The Cannibal Hymn is one of a group of related spells that appear only in the two earliest
pyramids with texts, those of Unas and Teti. The spells then drop out of the regular corpus.
What is particularly peculiar and unique about this hymn is the motive of cannibalism:
the king is not submissive to the gods, rather he threatens them and devours them: the gods are
hunted down, lassoed, bound, and slaughtered like wild cattle, that the king may devour their
substance, and especially their internal organs, like the heart where the intelligence had its seat,
in the belief that he might thus absorb and appropriate their qualities and powers.
The text known as the “Memphite Theology” was inscribed on a rectangular slab of black granite
during the reign of the 25th-Dynasty pharaoh Shabaka (ca. 715-701 B.C.) for erection in the
temple of Ptah in Memphis. The middle portion of the text has been almost completely
obliterated through later reuse as a millstone.
Shabaka’s dedicatory inscription indicates that the stone was carved to perpetuate the text of an
older document, written on worm-eaten papyrus or leather.
The text is a work of the Old Kingdom, considering the prominence of Memphis, and archaic
language that resembles that of the Pyramid Texts. The contents are following:
(1) Ptah is the king of Egypt and the unifier of the land.
(2) Memphis is the capital of Egypt and the hinge of Upper and Lower Egypt.
(3) Ptah is also the supreme god and the creator of the world.
And here I would like to share with you a passage from the text that gives us the clear picture
why this is one of the intellectually most sophisticated texts we have from Ancient Egypt.
The power of creative speech was most often associated with the god Ptah, the patron deity of
Memphis. The creation of the world was an act of “magic”. In ancient Egypt, magic meant
essentially the ability to make things happen by indirect means. Ptah’s act of creation is
connected to the two components – sj3 (perception) and hw (annunciation). Perception is the
ability to see what needs to be done, and annunciation is the power to make it happen through
speech. Ptah perceived the world in his heart and brought it about by announcing his perception.
This understanding of the creation as an act of perception and speech that lies behind the
Memphite theology is quite similar to the one that underlies the story of creation in the Bible:
God said, “Let there be light”, and there was light [annunciation].
God saw the light, that it was good [perception]. (Gen. I:3-4)

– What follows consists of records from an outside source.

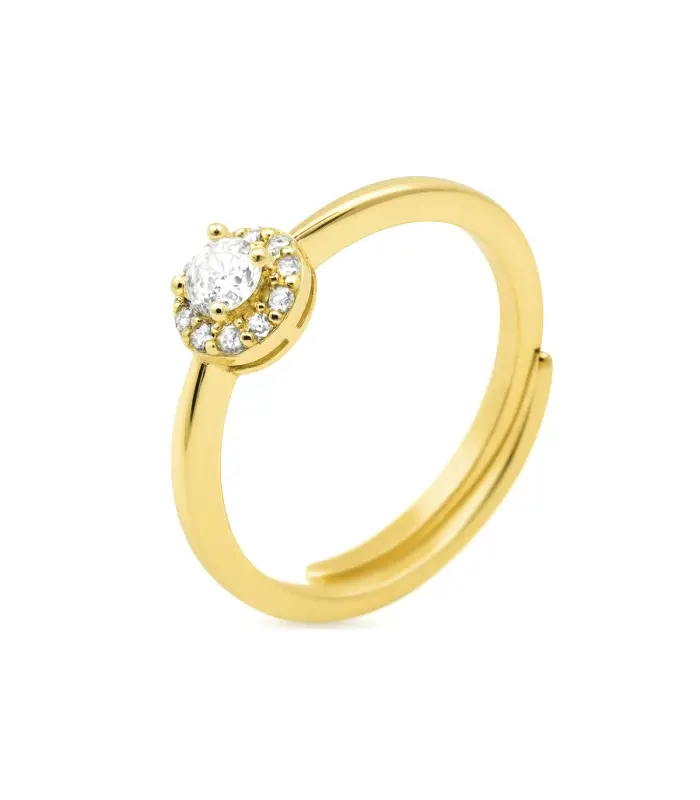 El anillo Aldra, elaborado en plata de ley con un acabado en oro amarillo, destaca por su diseño abierto que permite adaptarse a diferentes tamaños. Su elegante circonita central blanca se realza con un aro circundante formado por pequeñas circonitas que aportan brillo y sofisticación. Una pieza versátil y refinada, ideal para quienes buscan comodidad sin renunciar al estilo.
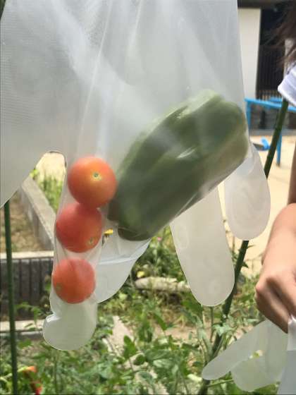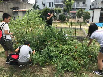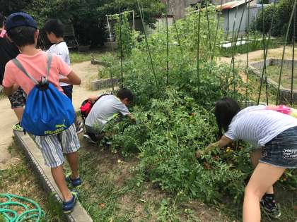 暑い中、栽培委員会の子どもたちが水やりと収穫をがんばってました。
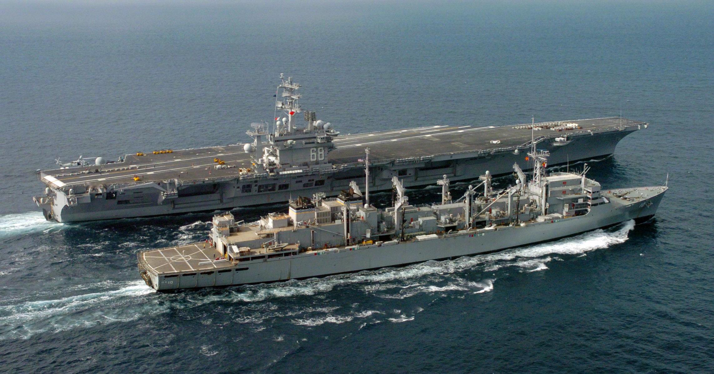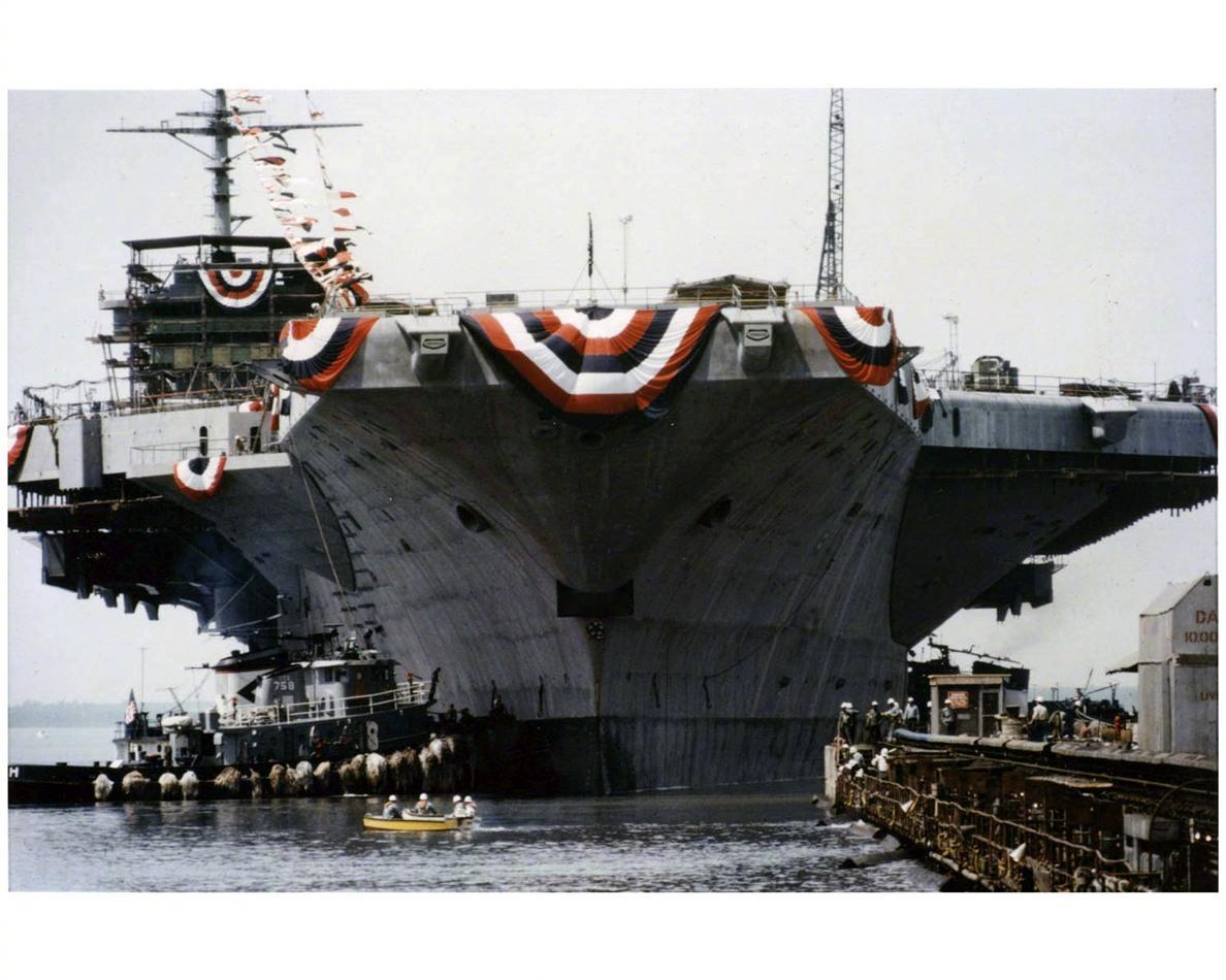 尼米兹号(CVN-68)核动力航母,同级首制舰,1968年6月22日铺设龙骨开工建造(图1,1968年的草绘艺术图),1972年5月13日于纽波特纽斯造船厂建成下水(图2),1975年5月3日服役,已经是从军整整50年的老爷爷了。

I would also like to point out that “every divine speech” (mdw.w ntr nb) mentioned in the text is
also an Ancient Egyptian name for the hieroglyphic writing, which to the Egyptian mind was a
means for capturing reality through symbols. That in effect means that all creation is a
hieroglyphic text of the creator’s original concept: the same intellectual principle has produced
everything.
Middle Egyptian was used as a spoken and written language from the Middle Kingdom to the
end of the Dynasty XVIII (2000-1300 BCE). This is the classical language of Egyptian literature,
conveyed in a variety of texts, classified according to four main genres:
(1) Funerary literature (Coffin texts) inscribed on the sarcophagi of the admininistrative
elite;
(2) Instructions i.e. wisdom texts normally addressed from a father to a son, which
conveyed the educational and professional expectations of Egyptian society. The most
renowned examples are the "Instructions of the Ptahhotep" and the "Instructions for
Merikare." Some of these moral texts, such as the "Admonitions of Ipu-Wer," are in fact
philosophical discussions on the state of the country taking as a point of departure the
political evolution from the Old to the Middle Kingdom, referred to as First Intermediate
Period.
(3) Tales which are narratives relating adventures of a specific hero and representing the
vehicle of individual, as opposed to societal concerns. The most famous specimens of this
genre are the "Tale of Sinuhe“, "Eloquent Peasant”, and the "Shipwrecked Sailor.“
(4) Hymns, poetical texts with religious contents, written in praise of a god or of the king.
Famous examples are provided by the "Hymn to the Nile“ and by the cycle of "Hymns to King
Sesostris“.
(a) New Egyptian (1300-700 BCE), the language of written records from the second part of the
New Kingdom. It primarily conveys the rich entertainment literature of Dynasty XIX, consisting
of wisdom and narrative texts, for example the "Tale of the Two Brothers," the "Tale of
Wenarnun,“ but also of some new literary genres, such as mythological tales or love poetry.
(b) Demotic (7th century BCE to 5th century CE), the language of administration and literature
during the Late Period. While grammatically closely akin to Late Egyptian, it differs from it
radically in its graphic system. Important texts in Demotic are the narrative cycles of Setne-
Khaemwase and the instructions of Papyrus Onkhsheshonqi.
(c) Coptic (1st century BCE to 18th century CE) is the language of Christian Egypt, written in a
variety of Greek alphabet with the addition of six or seven Demotic signs to indicate Egyptian
phonemes absent from Greek. As a spoken, and gradually also as a written language, Coptic was
superseded by Arabic from the ninth century onward, but it survives to the present time as the
liturgical language of the Christian church of Egypt.